**Dataset entries:**
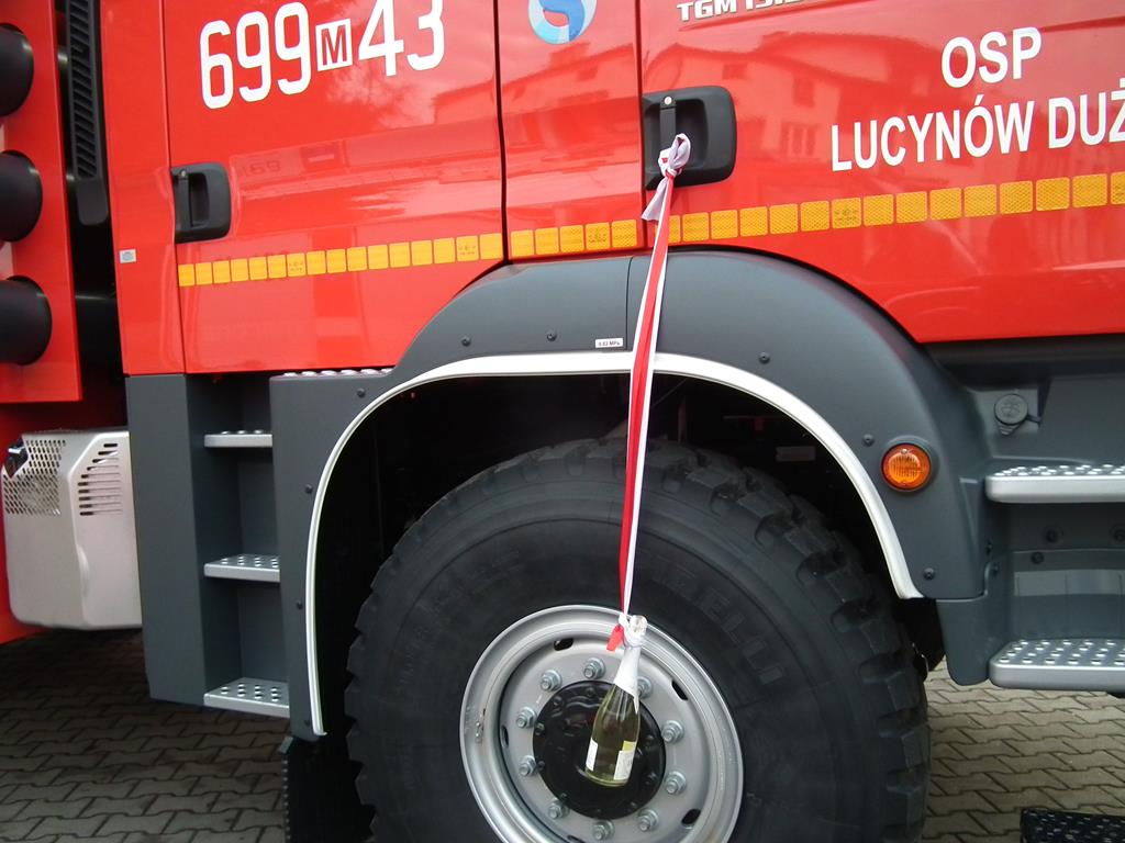 Poświęcenia przekazywanych samochodów pożarniczych dokonał ks. kan. Zdzisław Golan – kustosz Sanktuarium św. Idziego w Wyszkowie. Z kolei akt przekazania samochodów odczytał mł. bryg. Sieńkowski, a o symboliczne przekazanie kluczyków do samochodów poproszono: posła Henryka Kowalczyka, st. bryg. Mirosława Jasztala, Annę Król, starostę Jerzego Żukowskiego, wójta Pawła Kołodziejskiego, burmistrza Grzegorza Nowosielskiego i komendanta mł. bryg. Marka Krzyżańskiego. Po tradycyjnym uruchomieniu samochodów oraz krótkim zademonstrowaniu sygnałów dźwiękowych odbył się (zgodnie z tradycją jednostki) symboliczny „chrzest” nowego samochodu OSP w Lucynowie Dużym, którego dokonali (na prośbę prezesa OSP dh Eugeniusza Zaremby) – poseł Henryk Kowalczyk oraz Barbara Bożuta poprzez rozbicie butelki szampana o koło pojazdu. Komendant PSP w Wyszkowie mł. bryg. Marek Krzyżański zwrócił się z podziękowaniami dla osób, które przyczyniły się do pozyskania i współfinansowania samochodu dla KP PSP w Wyszkowie, oraz osób z instytucji i podmiotów współpracujących ze strażą. Wcześniej wymienione one osoby otrzymały okolicznościowe statuetki. Po okolicznościowych wystąpieniach gości uroczystość oficjalna została zakończona, a wszystkich uczestników zaproszono na poczęstunek do budynku straży.
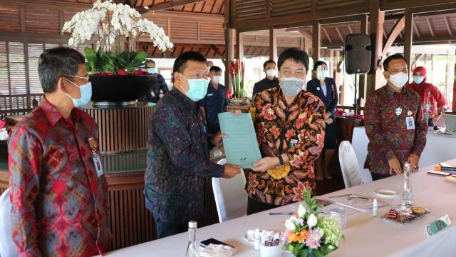 PAPARAN – Sekda Kota Denpasar, AAN Rai Iswara menyerahkan paparan usai menyampaikan laporan dan inovasi dalam mendukung optimalisasi pendapatan daerah kepada Kepala Kordinator Wilayah Kedeputian Bidang Pencegahan KPK RI, Adliansyah Nasution di Hotel Puri Santrian Denpasar, Senin (19/10/2020).
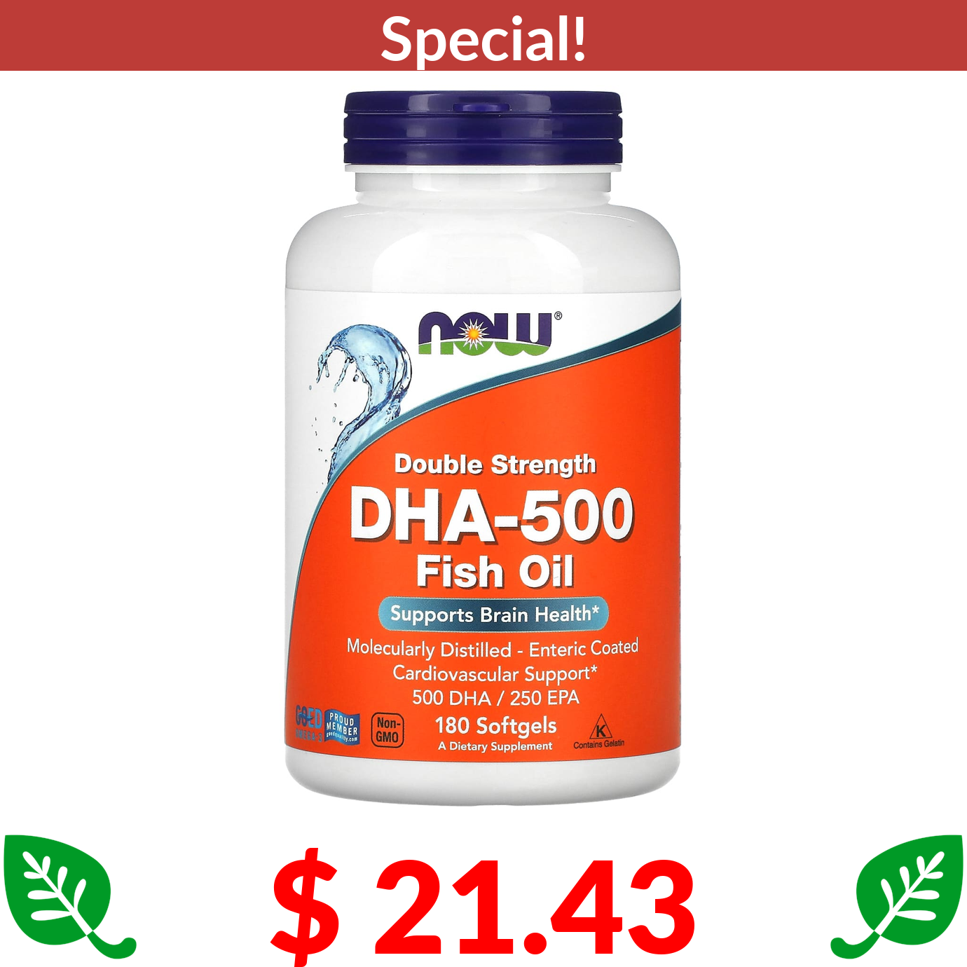 $ 21.43 NOW Foods, Double Strength DHA-500 Fish Oil, 180 Softgels
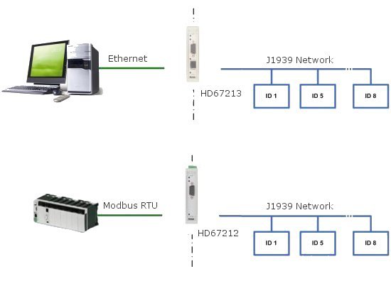 HD67212 | Gateway J1939 from/to Modbus RTU | 120x23x107 | -30° to +70° |
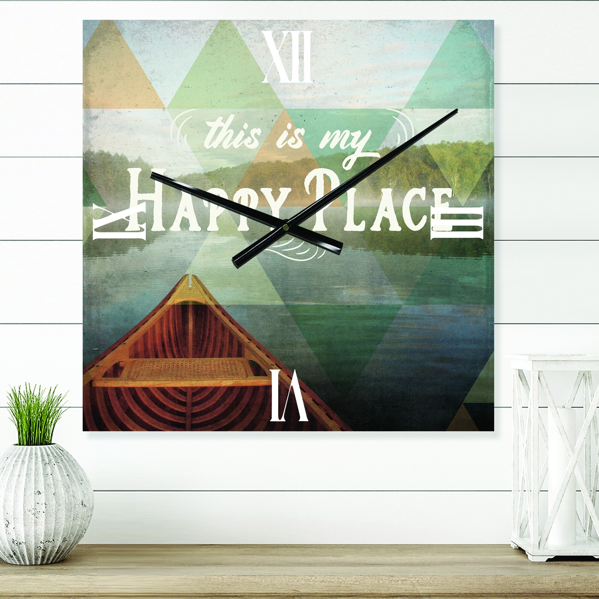 Designart 'Lake House Happy Quote' Traditional Large Wall Clock
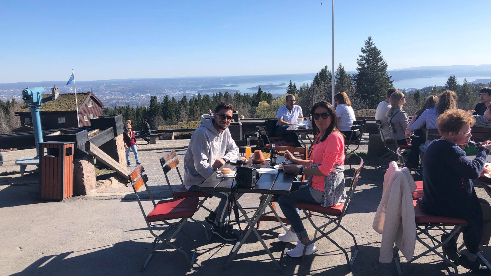 - Vi hadde fri på lørdag, så da passet det bra å ta med mine foreldre og min samboer på en liten utflukt - blant annet til Holmenkollen. Det ble en meget hyggelig opplevelse i et fantastisk vær. Vi dansker er jo ikke vant til så mye utsikt, sier Daniel og ler.
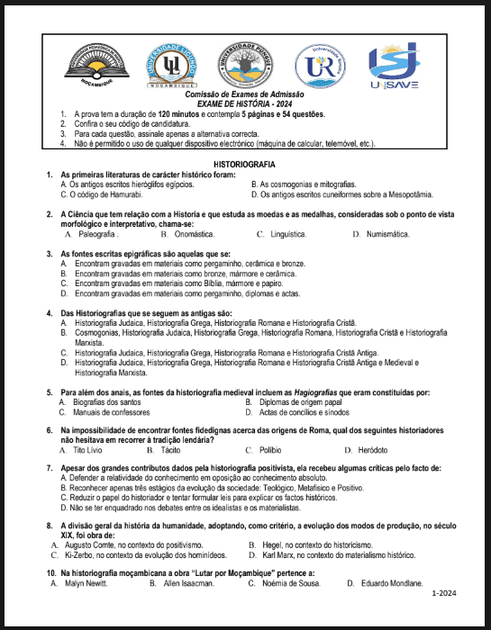 O Exame de História – 2024 da UP tem como objetivo avaliar a capacidade do candidato de compreender, analisar e interpretar os principais acontecimentos históricos
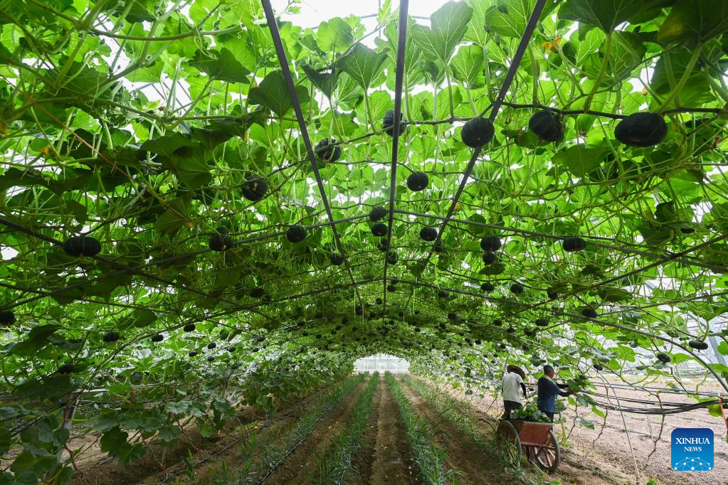 Farmers harvest pumpkins at an agricultural ecological park in Huayuan Village of Nanma Town, Dongyang City, east China's Zhejiang Province, June 19, 2023.
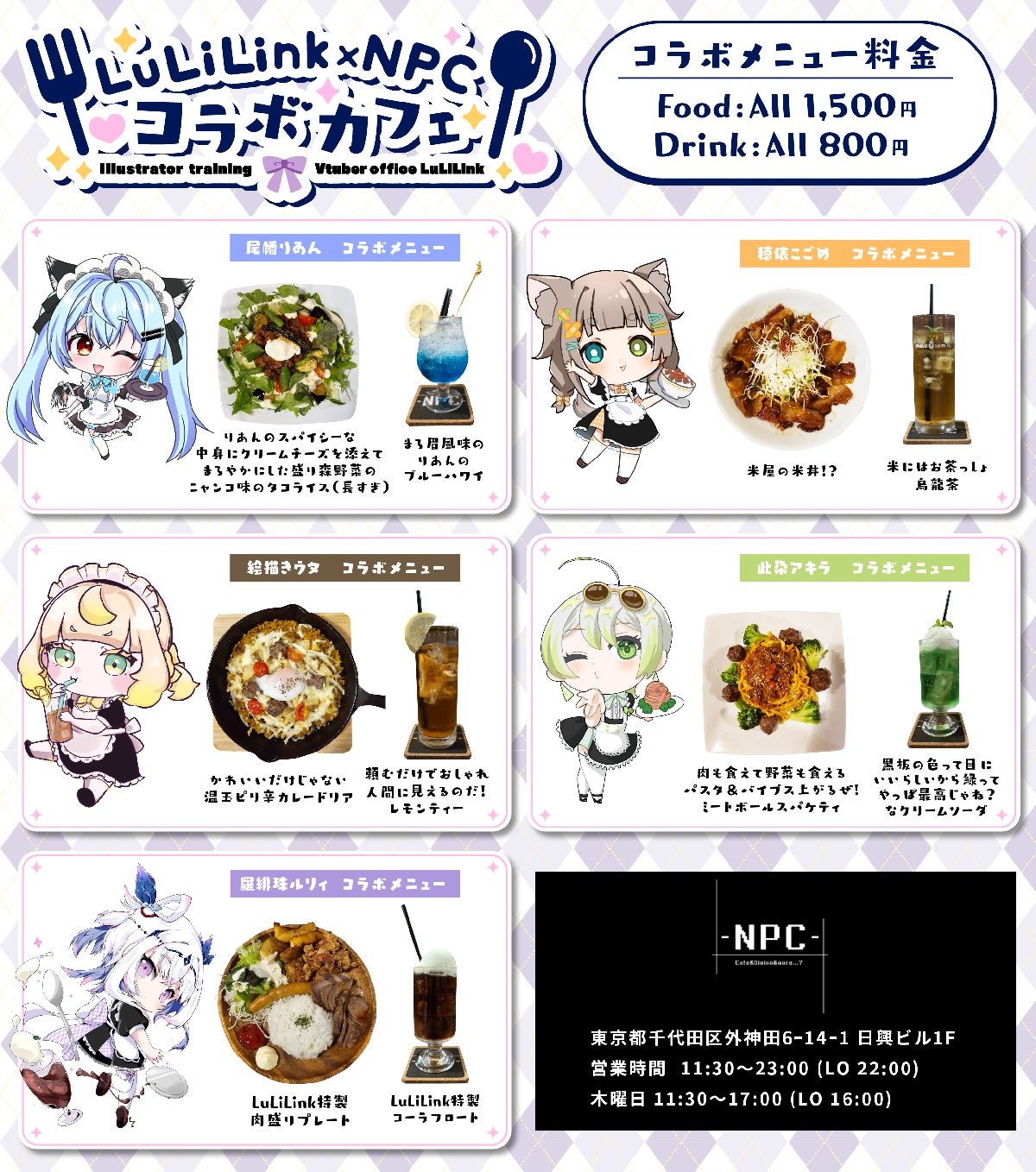 コラボメニューは「尾幡りあん」「穂俵こごめ」「絵描ウタ」「此朶アキラ」それぞれが考案した5つの食事、5つのドリンクのほか、LuLiLinkイメージキャラクターのルリィちゃんメニューを足した全5種の食事+ドリンクとなります。

**What the task asks:**
Leaving all pictures out, output exactly the lines of the material above from the line with "Oil, 180 Softgels" to the line with "Designart 'Lake House", both included.

**Written answer:**
 $ 21.43 NOW Foods, Double Strength DHA-500 Fish Oil, 180 Softgels
 HD67212 | Gateway J1939 from/to Modbus RTU | 120x23x107 | -30° to +70° |
 Designart 'Lake House Happy Quote' Traditional Large Wall Clock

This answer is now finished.